Senior Data Scientist Studio

A comprehensive skill for senior data scientists covering experiment design, statistical modeling, feature engineering, model evaluation, and research-to-production workflows using Python's scientific computing ecosystem.

When to Use This Skill

Choose this skill when:

Designing A/B tests and statistical experiments with proper sample sizes
Building feature engineering pipelines for machine learning models
Evaluating model performance with appropriate metrics and cross-validation
Creating reproducible research notebooks and experiment tracking
Communicating model results to stakeholders with visualizations

Consider alternatives when:

Deploying models to production → use an ML engineering skill
Building deep learning models → use a deep learning skill
Working on computer vision → use a CV engineering skill
Need data pipeline infrastructure → use a data engineering skill

Quick Start


# End-to-end experiment workflow
import pandas as pd
import numpy as np
from sklearn.model_selection import cross_val_score, StratifiedKFold
from sklearn.pipeline import Pipeline
from sklearn.preprocessing import StandardScaler
from sklearn.ensemble import GradientBoostingClassifier
import mlflow

mlflow.set_experiment("churn_prediction_v2")

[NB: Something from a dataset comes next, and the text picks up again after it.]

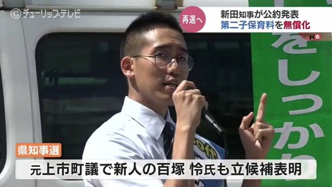 知事選を巡っては、元上市町議で新人の百塚怜(ひゃくづか・れい)氏も立候補を表明しています。

with mlflow.start_run(run_name="gbm_baseline"):
    # Feature engineering pipeline
    pipeline = Pipeline([
        ('scaler', StandardScaler()),
        ('model', GradientBoostingClassifier(
            n_estimators=200, max_depth=5, learning_rate=0.1,
        )),
    ])

    # Stratified cross-validation
    cv = StratifiedKFold(n_splits=5, shuffle=True, random_state=42)
    scores = cross_val_score(pipeline, X_train, y_train, cv=cv, scoring='roc_auc')

    mlflow.log_params({'n_estimators': 200, 'max_depth': 5, 'lr': 0.1})
    mlflow.log_metric('cv_auc_mean', scores.mean())
    mlflow.log_metric('cv_auc_std', scores.std())
    print(f"CV AUC: {scores.mean():.4f} ± {scores.std():.4f}")

Core Concepts

Experiment Design Checklist

Step	Question	Tool
Hypothesis	What specific effect are we measuring?	Domain knowledge
Metric	What's the primary success metric?	Business alignment
Sample Size	How many observations do we need?	Power analysis
Randomization	How do we assign to treatment/control?	Stratified random
Duration	How long do we run the experiment?	Variance estimation
Analysis	What statistical test do we use?	t-test, chi-squared, bootstrap

Feature Engineering Patterns


import pandas as pd
from sklearn.base import BaseEstimator, TransformerMixin

class TemporalFeatureExtractor(BaseEstimator, TransformerMixin):
    """Extract temporal features from datetime columns."""
    def __init__(self, datetime_col: str):
        self.datetime_col = datetime_col

    def fit(self, X, y=None):
        return self

    def transform(self, X: pd.DataFrame) -> pd.DataFrame:
        df = X.copy()
        dt = pd.to_datetime(df[self.datetime_col])
        df[f'{self.datetime_col}_hour'] = dt.dt.hour
        df[f'{self.datetime_col}_dayofweek'] = dt.dt.dayofweek
        df[f'{self.datetime_col}_month'] = dt.dt.month
        df[f'{self.datetime_col}_is_weekend'] = (dt.dt.dayofweek >= 5).astype(int)
        # Cyclical encoding for hour
        df[f'{self.datetime_col}_hour_sin'] = np.sin(2 * np.pi * dt.dt.hour / 24)
        df[f'{self.datetime_col}_hour_cos'] = np.cos(2 * np.pi * dt.dt.hour / 24)
        return df.drop(columns=[self.datetime_col])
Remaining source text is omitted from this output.